──────── Input for this task ────────

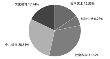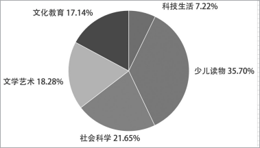4月份,线上市场销售结构为:少儿读物类份额居首,占比35.70%;社会科学类份额次之,占比21.65%;文学艺术类份额居中,占比18.28%;文化教育类份额第四,占比17.14%;科技生活类份额最小,占比7.22%(见图4)。相当一个时期以来,线上市场一直是少儿读物类份额最大,文化教育类份额次之;而4月份线上市场这一常态化细分市场位序被改变,同样也是社会科学书份额超常态地超越了文化教育书份额。
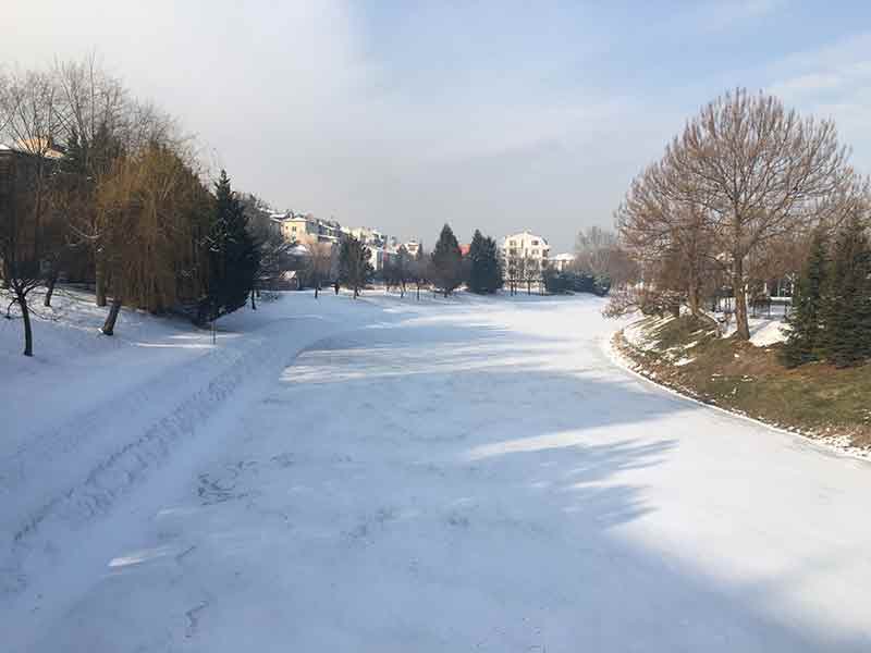 Hava sıcaklığının sıfırın altında seyrettiği Eskişehir’de, bir kısmı buz tutan Porsuk Çayı, beyaz örtüyle kaplandı.
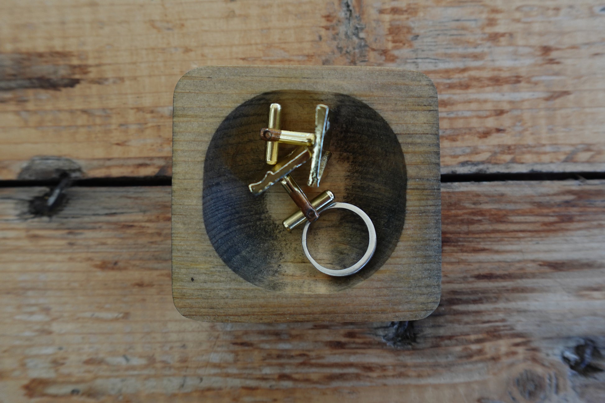 Handcrafted from Indiana pine, these power-carved ring trays feature an oil-finished surface that enhances the wood's natural grain. Each tray provides a dedicated space for organizing rings in any room—from the kitchen sink to the bedroom nightstand. The thoughtful design keeps your jewelry safely displayed and within reach. Sold individually; two available.
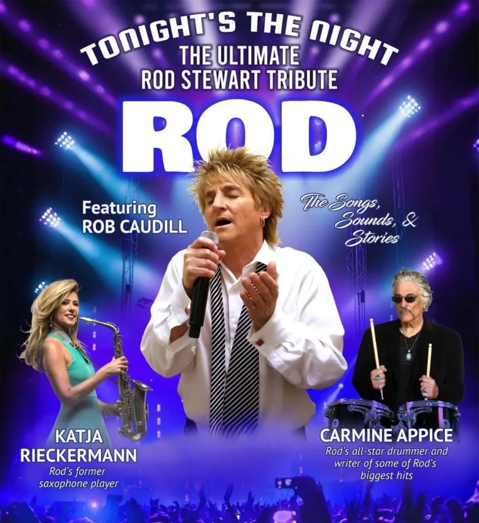 Rob Caudill’s Tonight’s the Night is the ultimate celebration of the music and legacy of Rod Stewart. With uncanny vocals, signature swagger, and an incredible all-star band, Rob brings the fun, sound, and excitement of a Rod Stewart concert to life!
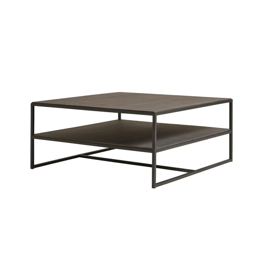 Vierkante salontafel met eiken bladen en metalen frame. Het schap biedt extra ruimte voor tijdschriften, accessoires of een afstandsbediening. De Fragile salontafel is verkrijgbaar in diverse uitvoeringen. Schuif de diverse varianten over elkaar heen voor een speels effect.
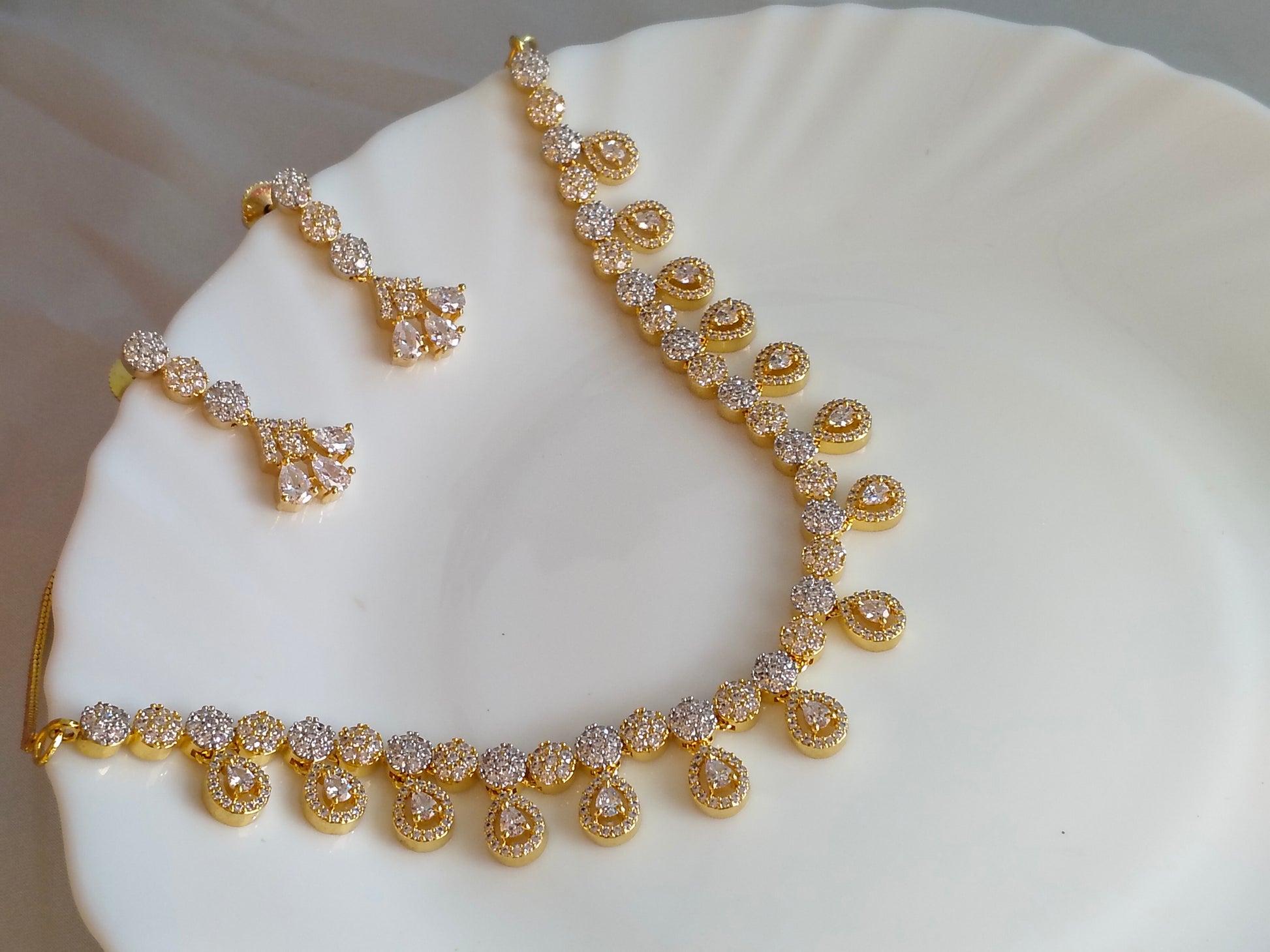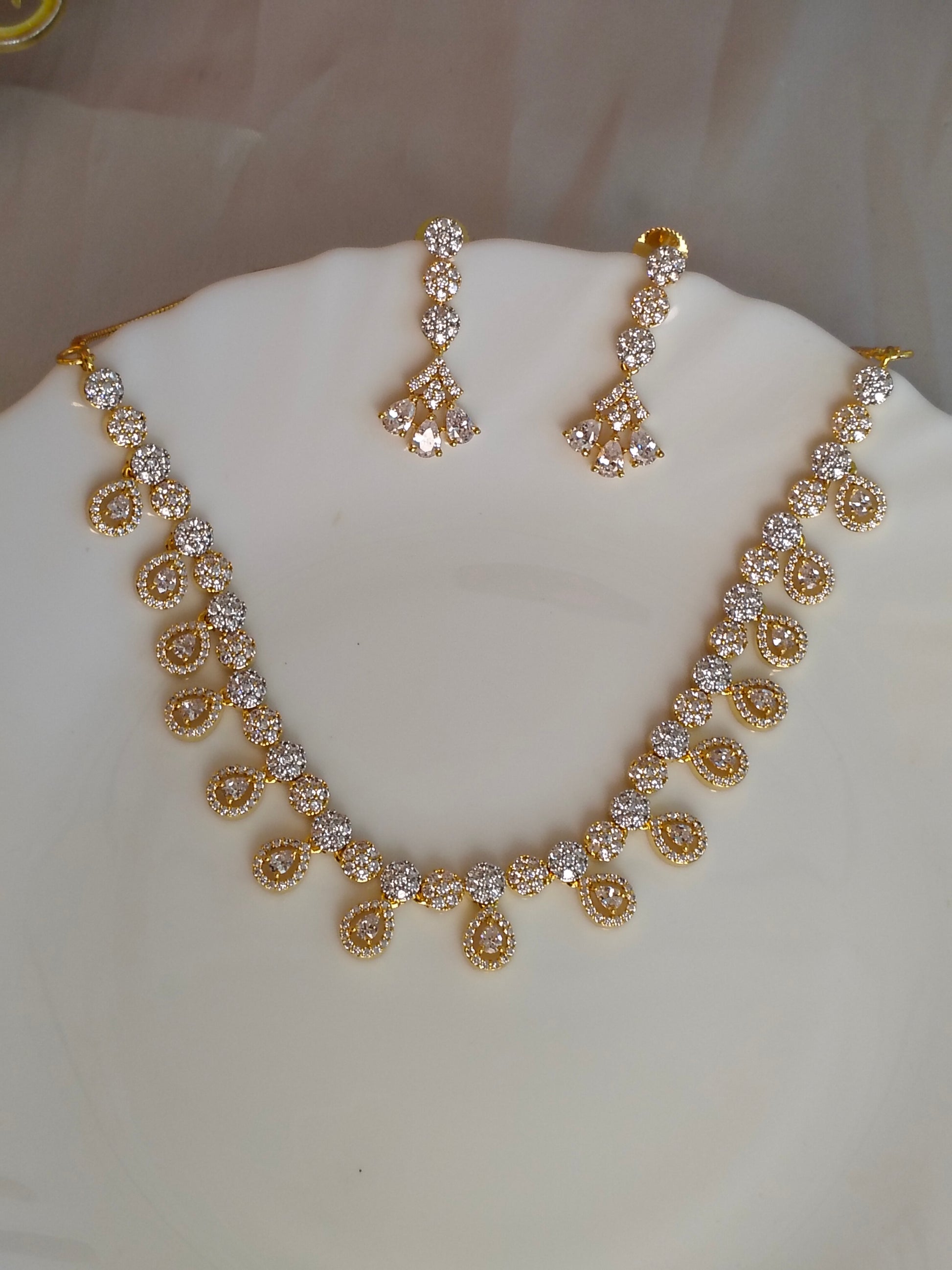 An elegant necklace set crafted with shimmering white stones and deep ruby-red drops, paired with matching earrings. The combination of sparkling brilliance with bold red hues gives it a timeless and regal appeal, perfect for festive and traditional occasions.

────────

▶ [Your assignment]
Using the data above, write out every line exactly, leaving the images behind.

▶ [Completed task]
4月份,线上市场销售结构为:少儿读物类份额居首,占比35.70%;社会科学类份额次之,占比21.65%;文学艺术类份额居中,占比18.28%;文化教育类份额第四,占比17.14%;科技生活类份额最小,占比7.22%(见图4)。相当一个时期以来,线上市场一直是少儿读物类份额最大,文化教育类份额次之;而4月份线上市场这一常态化细分市场位序被改变,同样也是社会科学书份额超常态地超越了文化教育书份额。
 Hava sıcaklığının sıfırın altında seyrettiği Eskişehir’de, bir kısmı buz tutan Porsuk Çayı, beyaz örtüyle kaplandı.
 Handcrafted from Indiana pine, these power-carved ring trays feature an oil-finished surface that enhances the wood's natural grain. Each tray provides a dedicated space for organizing rings in any room—from the kitchen sink to the bedroom nightstand. The thoughtful design keeps your jewelry safely displayed and within reach. Sold individually; two available.
 Rob Caudill’s Tonight’s the Night is the ultimate celebration of the music and legacy of Rod Stewart. With uncanny vocals, signature swagger, and an incredible all-star band, Rob brings the fun, sound, and excitement of a Rod Stewart concert to life!
 Vierkante salontafel met eiken bladen en metalen frame. Het schap biedt extra ruimte voor tijdschriften, accessoires of een afstandsbediening. De Fragile salontafel is verkrijgbaar in diverse uitvoeringen. Schuif de diverse varianten over elkaar heen voor een speels effect.
 An elegant necklace set crafted with shimmering white stones and deep ruby-red drops, paired with matching earrings. The combination of sparkling brilliance with bold red hues gives it a timeless and regal appeal, perfect for festive and traditional occasions.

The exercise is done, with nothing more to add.